• [Instructions for the task]
Taking the listing below, restate word for word each line from the line with "2、核弹爆炸影响范围,包括不同辐射半径内辐射水平,可能对疏散有用;" to the line with "在王仕勇教授的指导下,硕士研", ends included, and stop there.

• [Exercise input]
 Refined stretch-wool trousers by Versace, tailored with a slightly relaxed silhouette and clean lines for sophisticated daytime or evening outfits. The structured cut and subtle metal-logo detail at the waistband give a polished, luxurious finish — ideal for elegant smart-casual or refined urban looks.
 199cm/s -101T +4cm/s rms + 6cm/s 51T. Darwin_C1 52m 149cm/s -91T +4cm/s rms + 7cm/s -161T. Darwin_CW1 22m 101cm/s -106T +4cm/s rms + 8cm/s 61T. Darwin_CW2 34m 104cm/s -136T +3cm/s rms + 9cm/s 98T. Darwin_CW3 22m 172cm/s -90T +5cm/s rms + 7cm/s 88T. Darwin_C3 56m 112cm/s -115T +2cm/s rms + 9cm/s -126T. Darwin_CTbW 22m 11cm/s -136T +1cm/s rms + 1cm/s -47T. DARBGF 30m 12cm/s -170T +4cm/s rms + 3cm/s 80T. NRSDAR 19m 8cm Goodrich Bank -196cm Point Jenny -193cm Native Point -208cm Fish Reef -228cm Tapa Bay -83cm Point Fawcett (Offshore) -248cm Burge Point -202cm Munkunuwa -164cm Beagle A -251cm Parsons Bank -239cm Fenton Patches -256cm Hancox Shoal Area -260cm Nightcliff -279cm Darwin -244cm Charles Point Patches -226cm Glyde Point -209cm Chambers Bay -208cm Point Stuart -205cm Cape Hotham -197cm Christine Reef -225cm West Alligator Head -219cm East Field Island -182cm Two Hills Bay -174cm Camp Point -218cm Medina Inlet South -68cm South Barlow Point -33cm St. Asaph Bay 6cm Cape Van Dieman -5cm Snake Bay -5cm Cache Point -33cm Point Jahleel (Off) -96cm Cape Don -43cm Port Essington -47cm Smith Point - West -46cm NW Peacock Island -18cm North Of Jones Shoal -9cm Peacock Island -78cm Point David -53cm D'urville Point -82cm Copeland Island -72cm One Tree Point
---
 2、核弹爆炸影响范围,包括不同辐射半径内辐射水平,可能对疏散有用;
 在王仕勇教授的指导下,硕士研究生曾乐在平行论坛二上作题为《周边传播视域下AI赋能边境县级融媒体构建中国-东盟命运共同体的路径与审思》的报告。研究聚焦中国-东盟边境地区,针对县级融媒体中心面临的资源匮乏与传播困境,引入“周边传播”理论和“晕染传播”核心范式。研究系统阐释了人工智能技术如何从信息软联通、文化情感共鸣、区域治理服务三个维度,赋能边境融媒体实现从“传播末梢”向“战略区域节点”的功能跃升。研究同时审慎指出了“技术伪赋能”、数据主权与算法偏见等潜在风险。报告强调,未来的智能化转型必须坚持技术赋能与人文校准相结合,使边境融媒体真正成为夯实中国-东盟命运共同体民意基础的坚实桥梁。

• [Task response]
 2、核弹爆炸影响范围,包括不同辐射半径内辐射水平,可能对疏散有用;
 在王仕勇教授的指导下,硕士研究生曾乐在平行论坛二上作题为《周边传播视域下AI赋能边境县级融媒体构建中国-东盟命运共同体的路径与审思》的报告。研究聚焦中国-东盟边境地区,针对县级融媒体中心面临的资源匮乏与传播困境,引入“周边传播”理论和“晕染传播”核心范式。研究系统阐释了人工智能技术如何从信息软联通、文化情感共鸣、区域治理服务三个维度,赋能边境融媒体实现从“传播末梢”向“战略区域节点”的功能跃升。研究同时审慎指出了“技术伪赋能”、数据主权与算法偏见等潜在风险。报告强调,未来的智能化转型必须坚持技术赋能与人文校准相结合,使边境融媒体真正成为夯实中国-东盟命运共同体民意基础的坚实桥梁。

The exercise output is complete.